- [PROBLEM STATEMENT] Word for word, repeat the records, leaving every picture behind.

(Records from a data source)

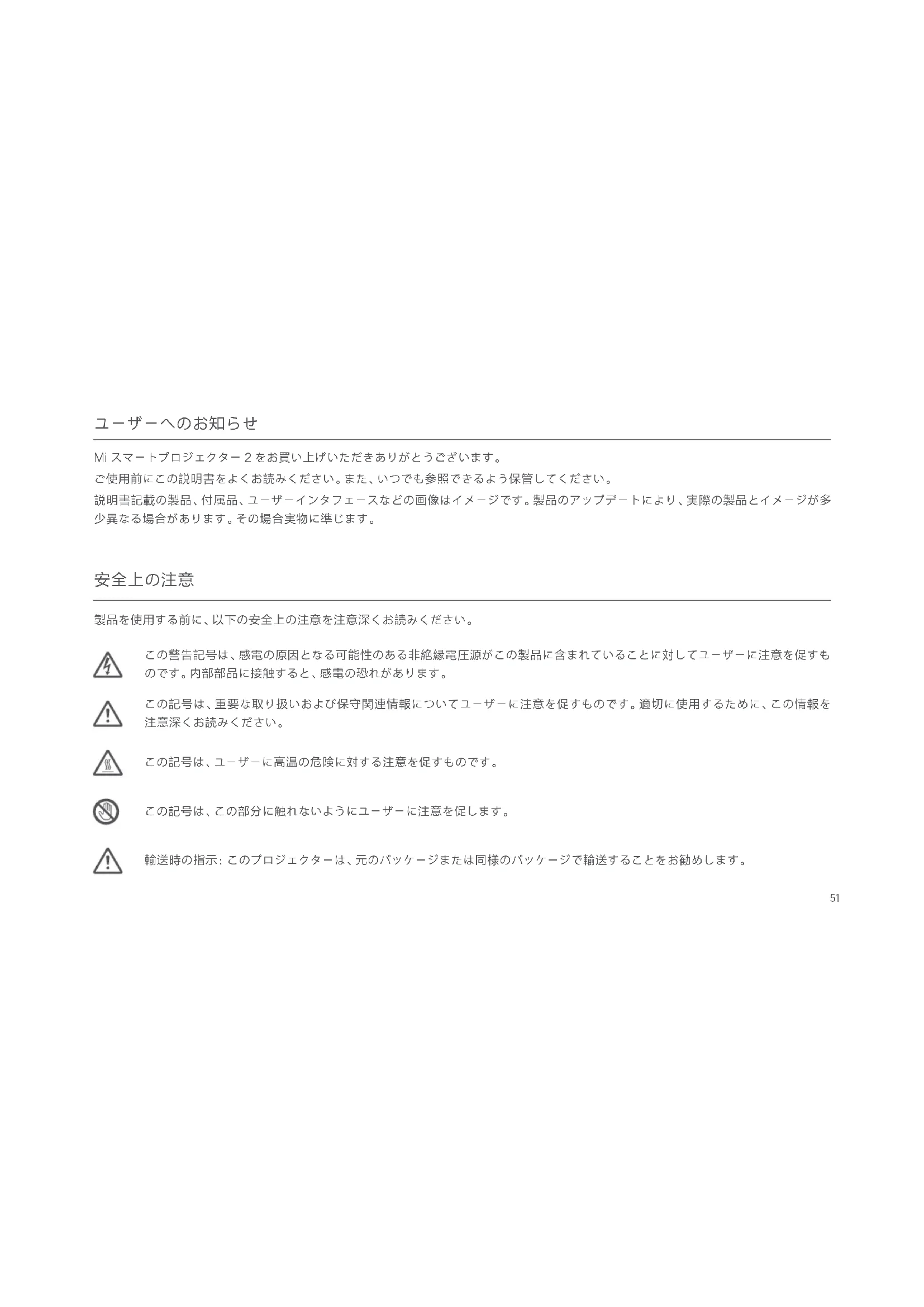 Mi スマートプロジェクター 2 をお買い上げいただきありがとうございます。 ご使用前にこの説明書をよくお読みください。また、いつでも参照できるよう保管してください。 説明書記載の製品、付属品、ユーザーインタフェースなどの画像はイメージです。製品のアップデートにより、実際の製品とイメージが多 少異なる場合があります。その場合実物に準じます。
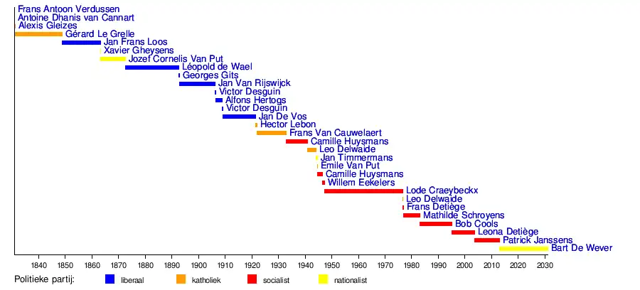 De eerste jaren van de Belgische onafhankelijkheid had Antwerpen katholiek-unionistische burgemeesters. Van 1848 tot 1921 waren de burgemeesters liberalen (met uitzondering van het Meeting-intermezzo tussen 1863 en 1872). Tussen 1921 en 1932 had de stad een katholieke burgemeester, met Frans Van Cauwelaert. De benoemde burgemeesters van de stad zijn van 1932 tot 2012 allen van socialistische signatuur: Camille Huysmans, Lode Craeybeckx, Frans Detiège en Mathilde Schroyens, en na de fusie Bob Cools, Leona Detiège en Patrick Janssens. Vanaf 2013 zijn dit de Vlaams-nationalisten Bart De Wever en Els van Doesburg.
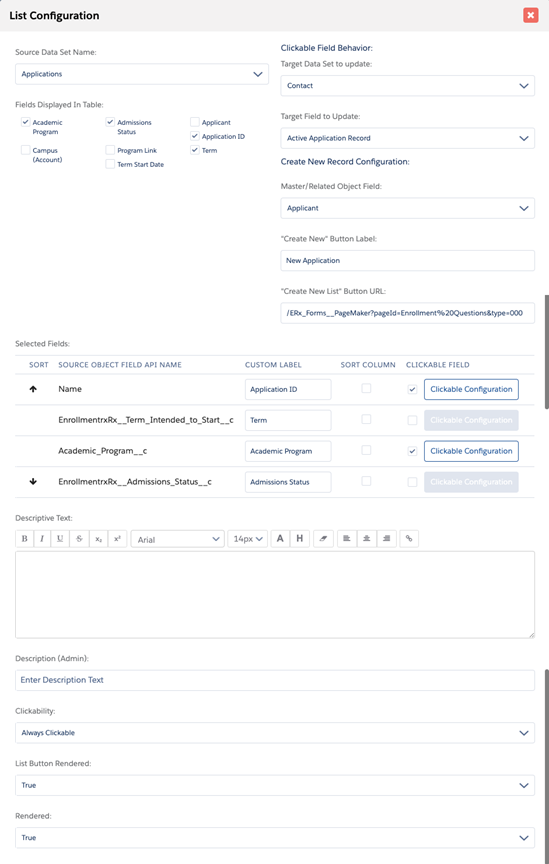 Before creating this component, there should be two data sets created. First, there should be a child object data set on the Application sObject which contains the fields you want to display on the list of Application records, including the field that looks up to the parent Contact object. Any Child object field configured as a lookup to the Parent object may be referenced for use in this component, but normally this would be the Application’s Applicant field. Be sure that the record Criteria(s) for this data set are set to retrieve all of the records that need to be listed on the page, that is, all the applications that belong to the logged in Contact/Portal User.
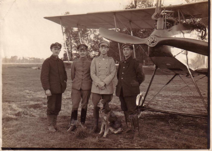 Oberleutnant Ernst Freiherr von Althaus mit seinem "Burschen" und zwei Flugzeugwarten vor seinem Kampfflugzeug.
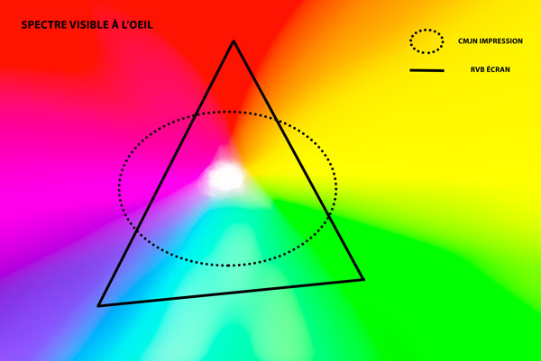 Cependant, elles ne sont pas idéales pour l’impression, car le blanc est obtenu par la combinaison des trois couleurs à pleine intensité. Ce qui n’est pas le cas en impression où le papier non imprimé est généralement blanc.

- [RESPONSE BELOW]
 Mi スマートプロジェクター 2 をお買い上げいただきありがとうございます。 ご使用前にこの説明書をよくお読みください。また、いつでも参照できるよう保管してください。 説明書記載の製品、付属品、ユーザーインタフェースなどの画像はイメージです。製品のアップデートにより、実際の製品とイメージが多 少異なる場合があります。その場合実物に準じます。
 De eerste jaren van de Belgische onafhankelijkheid had Antwerpen katholiek-unionistische burgemeesters. Van 1848 tot 1921 waren de burgemeesters liberalen (met uitzondering van het Meeting-intermezzo tussen 1863 en 1872). Tussen 1921 en 1932 had de stad een katholieke burgemeester, met Frans Van Cauwelaert. De benoemde burgemeesters van de stad zijn van 1932 tot 2012 allen van socialistische signatuur: Camille Huysmans, Lode Craeybeckx, Frans Detiège en Mathilde Schroyens, en na de fusie Bob Cools, Leona Detiège en Patrick Janssens. Vanaf 2013 zijn dit de Vlaams-nationalisten Bart De Wever en Els van Doesburg.
 Before creating this component, there should be two data sets created. First, there should be a child object data set on the Application sObject which contains the fields you want to display on the list of Application records, including the field that looks up to the parent Contact object. Any Child object field configured as a lookup to the Parent object may be referenced for use in this component, but normally this would be the Application’s Applicant field. Be sure that the record Criteria(s) for this data set are set to retrieve all of the records that need to be listed on the page, that is, all the applications that belong to the logged in Contact/Portal User.
 Oberleutnant Ernst Freiherr von Althaus mit seinem "Burschen" und zwei Flugzeugwarten vor seinem Kampfflugzeug.
 Cependant, elles ne sont pas idéales pour l’impression, car le blanc est obtenu par la combinaison des trois couleurs à pleine intensité. Ce qui n’est pas le cas en impression où le papier non imprimé est généralement blanc.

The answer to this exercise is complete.